=== YOUR ASSIGNMENT ===
Reproduce, word for word, the lines in the material below starting with the one that has "Zulfa Devi, NIM.: 21104010027" and going on through the one that has "Joe Browns Women's". Leave out all pictures.

=== GIVEN ENTRIES ===
________________
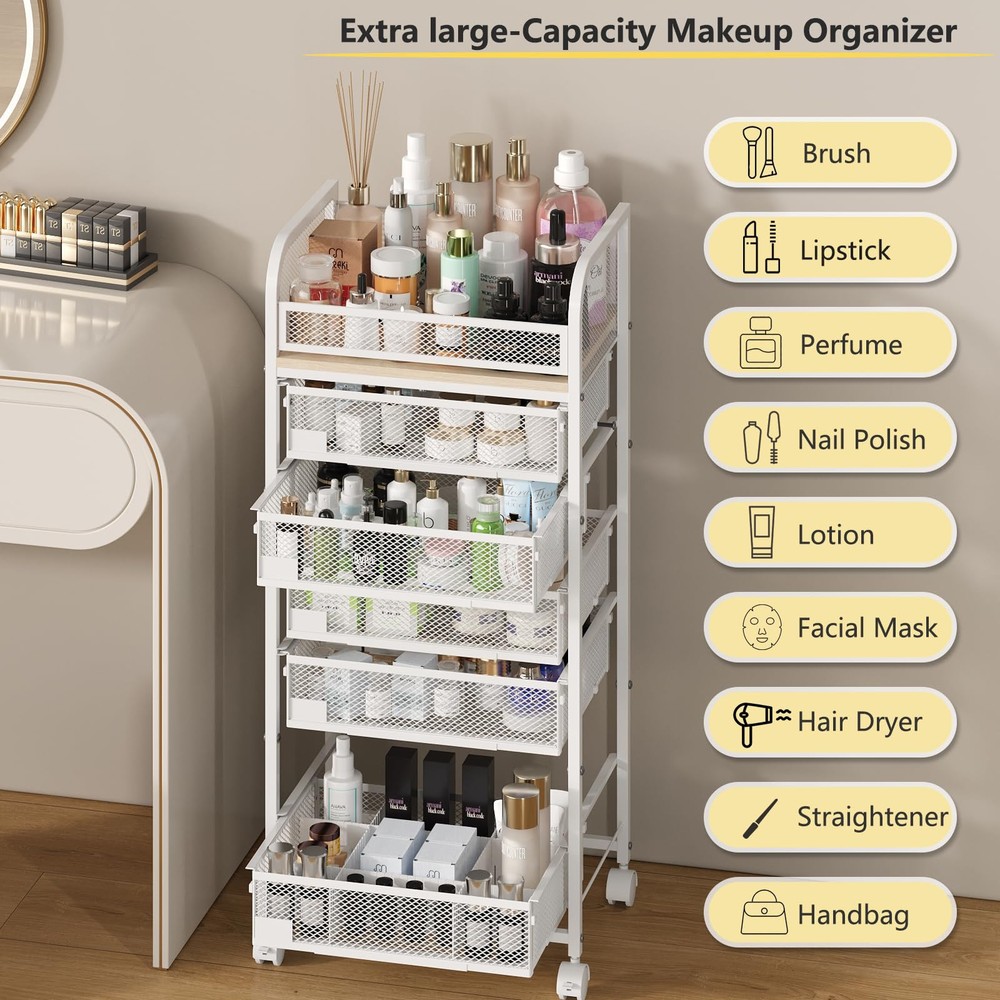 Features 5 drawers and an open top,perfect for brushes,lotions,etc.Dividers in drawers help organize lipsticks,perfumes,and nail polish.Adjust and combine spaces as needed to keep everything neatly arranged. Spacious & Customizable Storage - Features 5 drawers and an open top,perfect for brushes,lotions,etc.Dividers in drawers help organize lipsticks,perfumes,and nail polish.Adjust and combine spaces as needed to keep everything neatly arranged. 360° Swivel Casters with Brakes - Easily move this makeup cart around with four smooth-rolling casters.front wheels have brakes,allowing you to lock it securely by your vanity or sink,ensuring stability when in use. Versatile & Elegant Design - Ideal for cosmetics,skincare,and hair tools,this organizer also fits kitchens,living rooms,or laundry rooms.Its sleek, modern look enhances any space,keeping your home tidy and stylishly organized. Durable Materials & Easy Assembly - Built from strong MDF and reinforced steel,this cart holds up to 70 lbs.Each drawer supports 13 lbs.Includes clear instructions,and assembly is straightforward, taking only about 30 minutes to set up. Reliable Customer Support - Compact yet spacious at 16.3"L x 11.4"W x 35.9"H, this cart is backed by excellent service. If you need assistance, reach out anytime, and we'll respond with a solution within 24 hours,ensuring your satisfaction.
________________
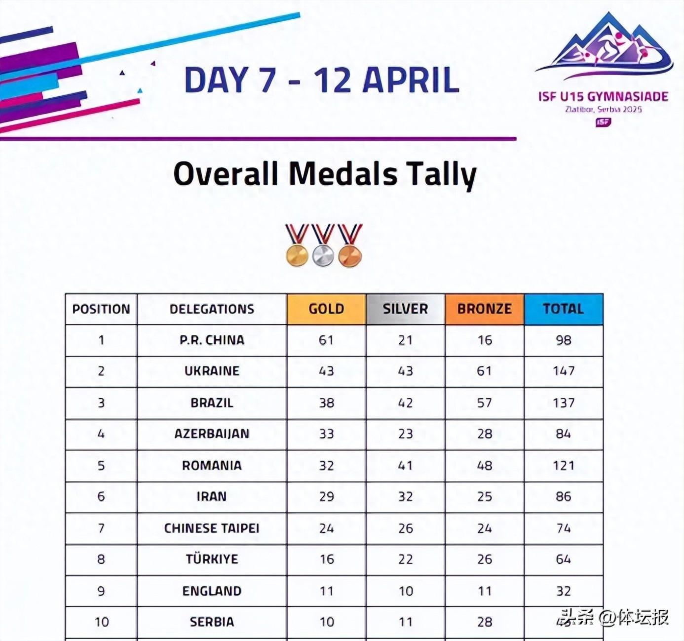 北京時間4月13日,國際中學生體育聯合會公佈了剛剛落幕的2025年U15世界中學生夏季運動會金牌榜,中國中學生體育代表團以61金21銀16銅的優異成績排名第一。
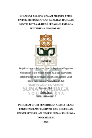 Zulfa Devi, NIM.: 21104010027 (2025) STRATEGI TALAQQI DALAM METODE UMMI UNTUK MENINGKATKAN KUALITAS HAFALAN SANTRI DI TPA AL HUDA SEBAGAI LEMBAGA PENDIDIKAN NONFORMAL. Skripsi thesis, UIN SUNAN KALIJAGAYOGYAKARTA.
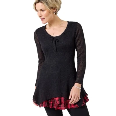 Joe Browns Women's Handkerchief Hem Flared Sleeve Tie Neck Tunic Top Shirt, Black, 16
________________
=== WRITTEN ANSWER ===
 Zulfa Devi, NIM.: 21104010027 (2025) STRATEGI TALAQQI DALAM METODE UMMI UNTUK MENINGKATKAN KUALITAS HAFALAN SANTRI DI TPA AL HUDA SEBAGAI LEMBAGA PENDIDIKAN NONFORMAL. Skripsi thesis, UIN SUNAN KALIJAGAYOGYAKARTA.
 Joe Browns Women's Handkerchief Hem Flared Sleeve Tie Neck Tunic Top Shirt, Black, 16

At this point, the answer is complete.